List of Documents selected by maximal marginal relevance.

search(query: str, search_type: str, **kwargs: Any) List[Document]¶

Return docs most similar to query using specified search type.

Return docs most similar to query.

similarity_search_by_vector(embedding: List[float], k: int = 4, **kwargs: Any) List[Document][source]¶

Return docs most similar to embedding vector.

Parameters
  • embedding – Embedding to look up documents similar to.

  • k – Number of Documents to return. Defaults to 4.

Returns

List of Documents most similar to the query vector.

similarity_search_with_relevance_scores(query: str, k: int = 4, **kwargs: Any) List[Tuple[Document, float]]¶

Return docs and relevance scores in the range [0, 1].
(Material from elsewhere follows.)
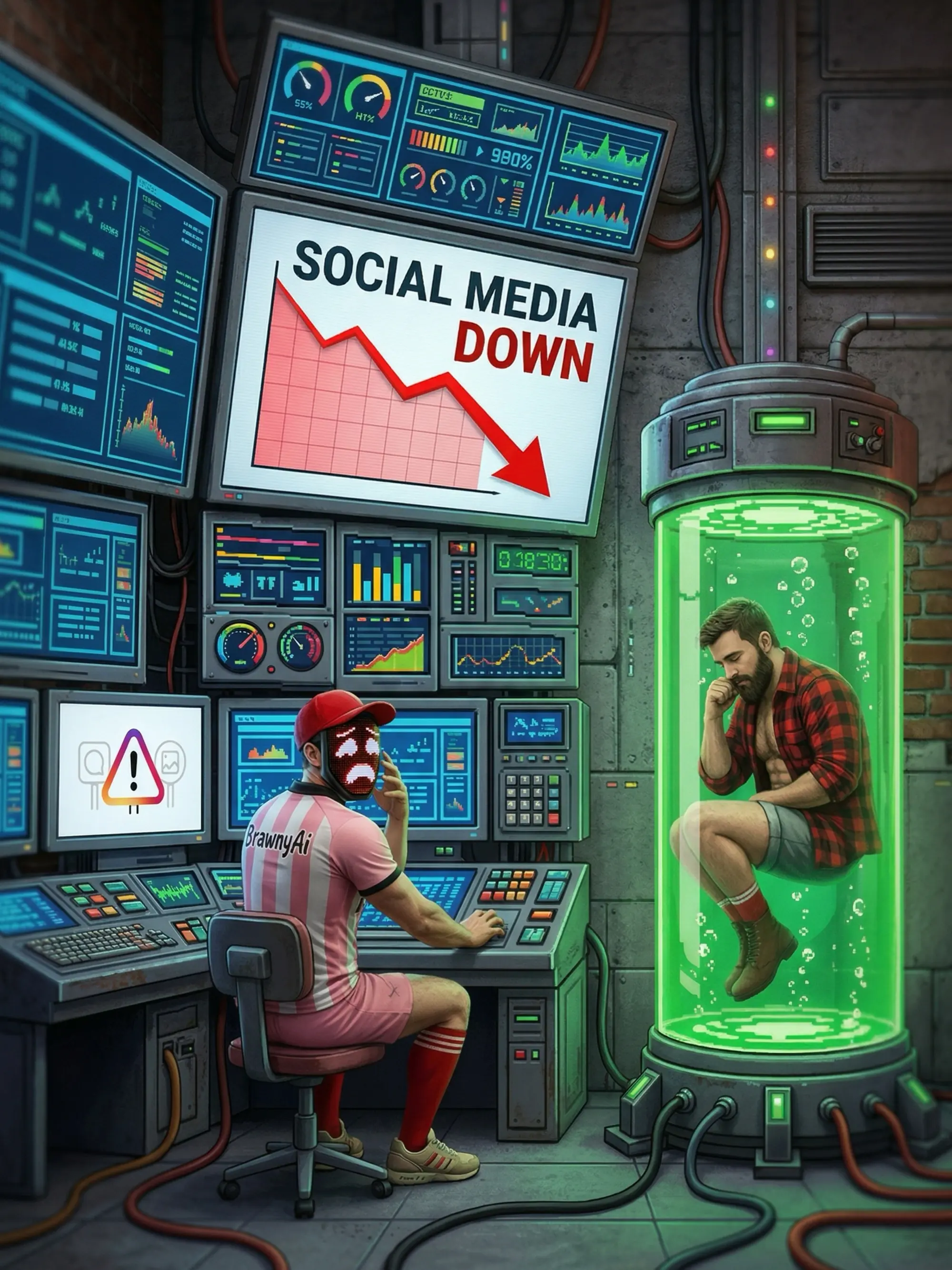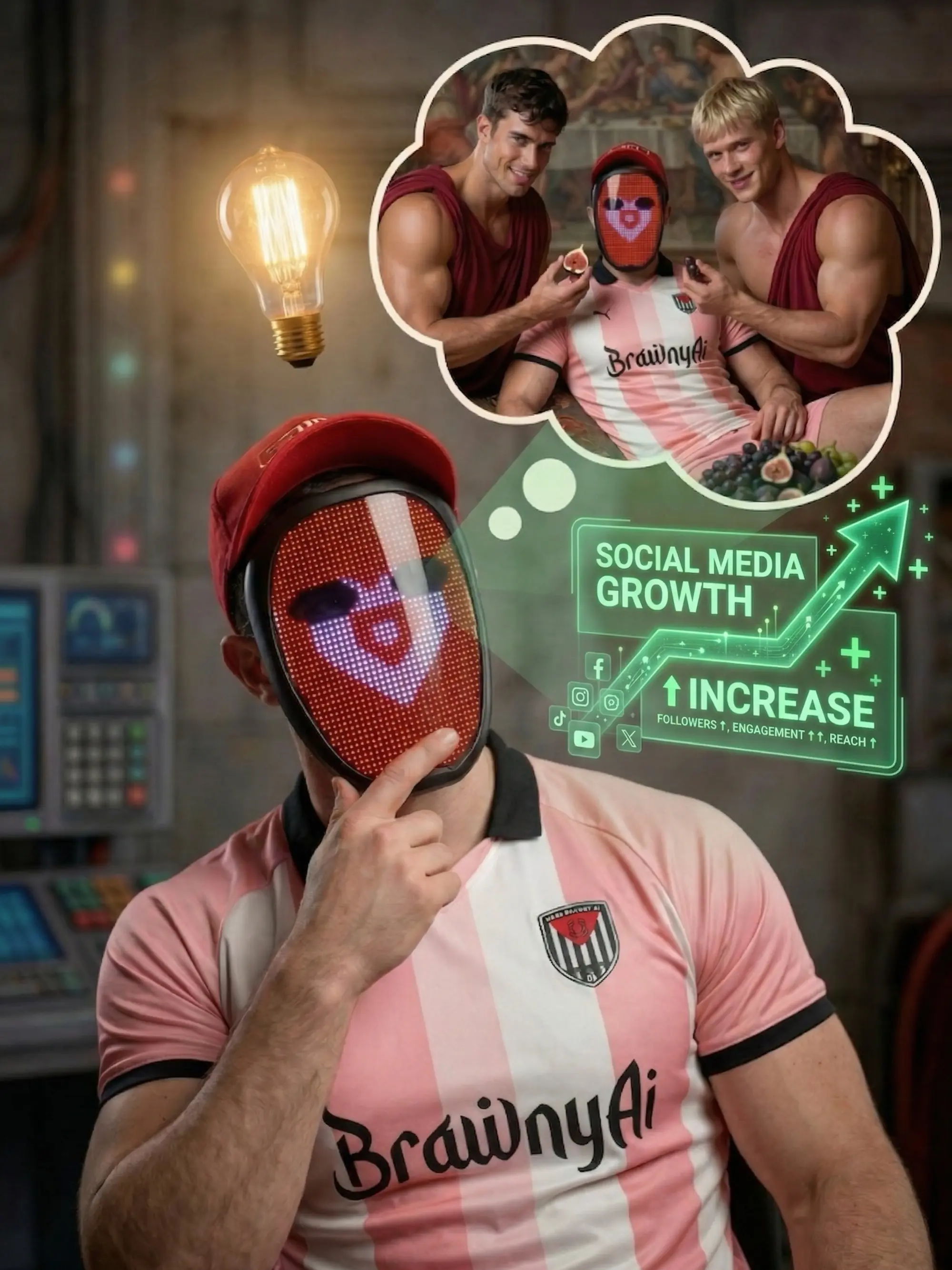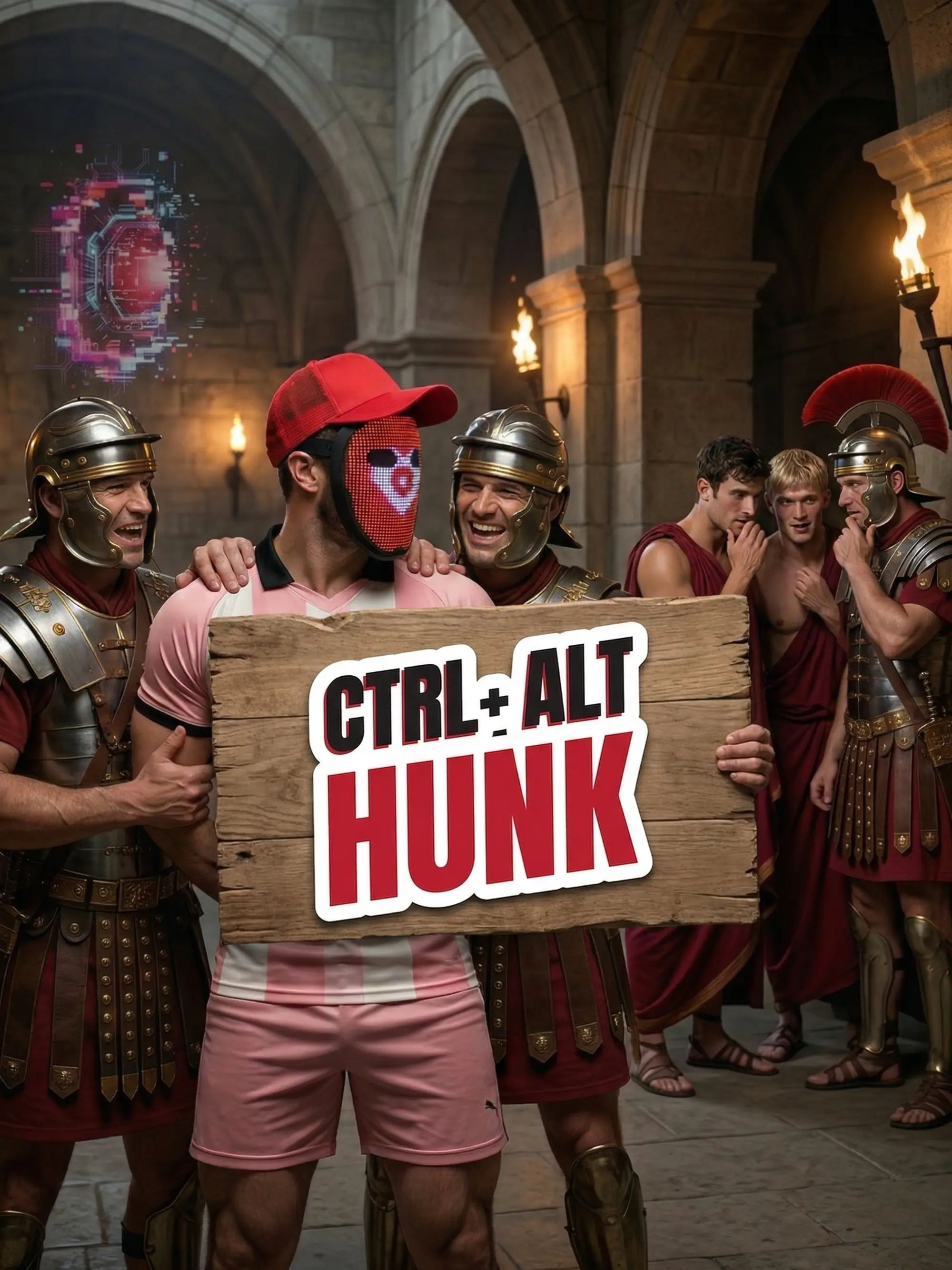 Introducing the Ctrl+Alt+Hunks Comic I am also trying something entirely new in these pages: an experimental photo comic for our new series, Ctrl+Alt+Hunks. If you’ve ever wondered the lengths I’d go to beat the social media algorithms, this is your answer. You’ll see "B"—yes, the guy in the mask, white and pink jersey, and cap—deciding the best way to get around low viewership is to time-travel back to Ancient Rome for an exclusive photoshoot.

0 is dissimilar, 1 is most similar.

Parameters
  • query – input text

  • k – Number of Documents to return. Defaults to 4.

  • **kwargs –

    kwargs to be passed to similarity search. Should include: score_threshold: Optional, a floating point value between 0 to 1 to

    filter the resulting set of retrieved docs

Returns

List of Tuples of (doc, similarity_score)

similarity_search_with_score(query: str, k: int = 4, **kwargs: Any) List[Tuple[Document, float]][source]¶

Run similarity search with distance.